My Lords, high-alcohol wines are increasingly available as we import more wines from the new world which are stronger than those from France, Italy and Spain. It is important that people understand how strong their drink is, how much they drink, and the health risks.
Given that the average alcoholic strength of a bottle of wine has risen in recent decades from 11 to 13 per cent, with a commensurate rise in hospital admissions for those with alcohol-related problems, will my noble friend consider lowering the excise duty on lower-strength wines to encourage both sensible drinking and wider, broadened consumer choice?
My noble friend raises two different points, one of which is to do with consumer choice. It is indeed the case that consumers should be able to choose lower or higher-strength wines. However, it is not for the Government to decide what products retailers should make available. What we think is important is that people understand how strong the drinks are, what advice is relevant to them and the risks of regularly drinking above the lower-risk guidelines. My noble friend’s second point related to taxation. I can say with some accuracy that that is above my pay grade and is a matter for the Chancellor.
My Lords, I declare an interest as an adviser to a wine-producing company. Is the Minister aware that only from this month has the industry been permitted by EU regulations to reduce the alcoholic strength of wine for sale in Europe, but only by up to 2 per cent? Will the Government support the industry’s campaign to relax the rules further so that more lower-strength wines can be marketed legally in the UK?
The noble Baroness raises a very important point. The 2008 wine reform allowed EU producers access to wine-making rules used by third countries and new technologies used internationally, but, as she said, only to reduce alcohol in their wine by up to 2 per cent. We see this as an important development.

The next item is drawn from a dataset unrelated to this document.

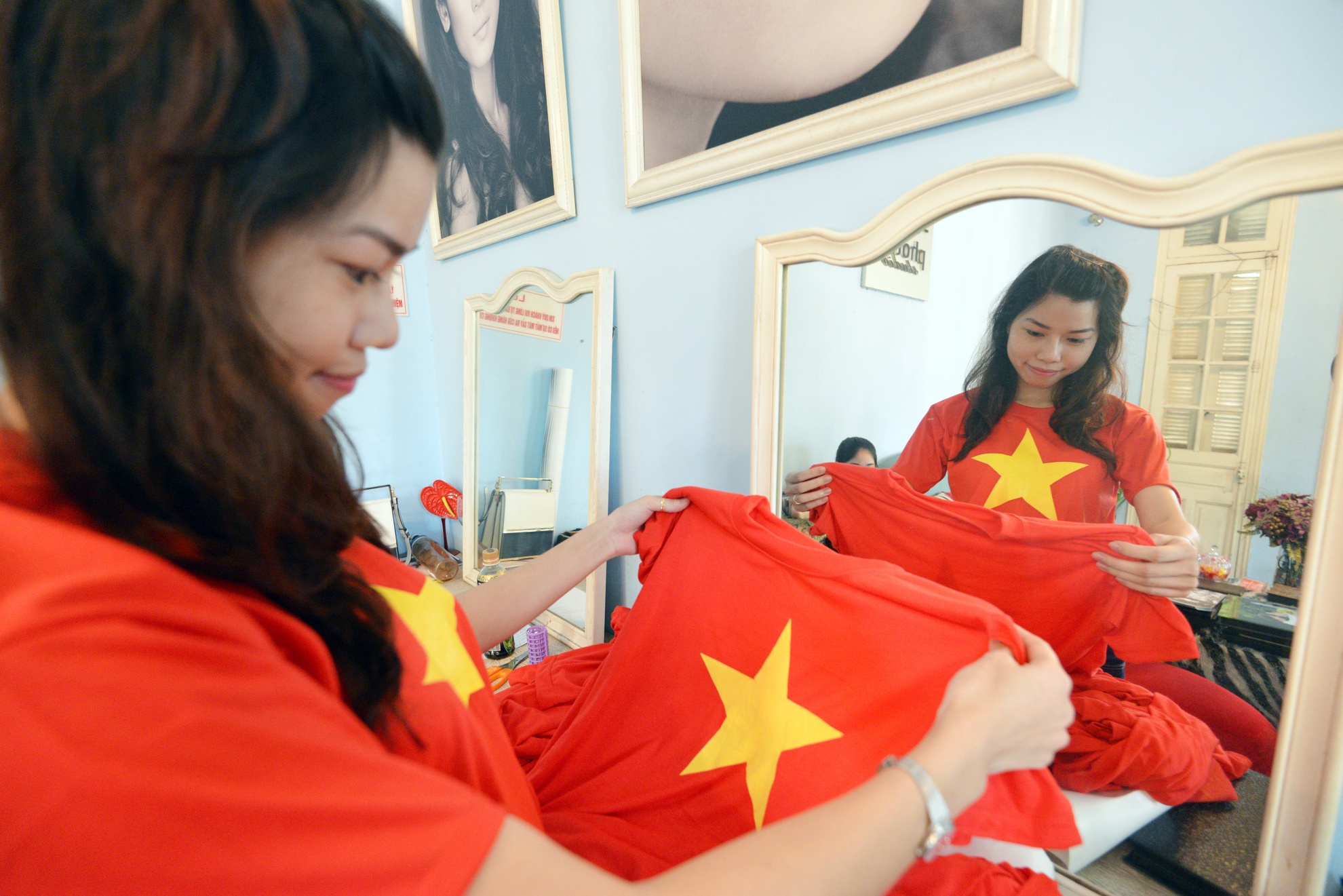 Đến đây khách sẽ được cho mượn áo hình quốc kỳ, có đủ loại cỡ để lựa chọn rồi đứng xếp hàng chờ đến lượt.

I am pleased to tell the noble Baroness that we will continue to work within the EU to increase the scope for dealcoholisation of wines. Unfortunately, not all in the European Union favour these developments, because new technologies are seen as betraying traditions of European wine-making. So we have to recognise that old and new skills have to live side by side and that people must get every opportunity to improve their competitiveness in this market.
My Lords, may I assure the noble Lord, Lord Harrison, that I have just had the pleasure of sharing a bottle of red wine with 13 per cent alcohol in the Lords dining room, with really, I think, no ill effect to my health? Would it perhaps be sensible to say that the real answer is occasionally to drink one bottle with 13 or 14 per cent alcohol rather than two with 10 or 11 per cent?
My noble friend points to a very important matter. The way in which we tackle alcohol abuse, particularly the problems that we know face young people and their drinking habits, is through the education of those young people and their parents. We are absolutely committed to that. We have a youth alcohol action plan, providing advice for children and parents, along with a whole series of measures that we take jointly with the Home Office on these matters.
My Lords, not only does high alcohol intake lead to an increase in hospital admissions—it leads to a decrease in productivity, as my husband found yesterday with a student who was a little under the weather. When my husband asked what the matter was, he said that he was suffering from “wine flu”.
My Lords, I declare an interest in the subject, one that I hope will continue for a very long time. What is the department doing to encourage pubs to serve wine in 125 millilitre glasses—small glasses—so that people who want to enjoy a glass of wine and stay within the limits can do so safely?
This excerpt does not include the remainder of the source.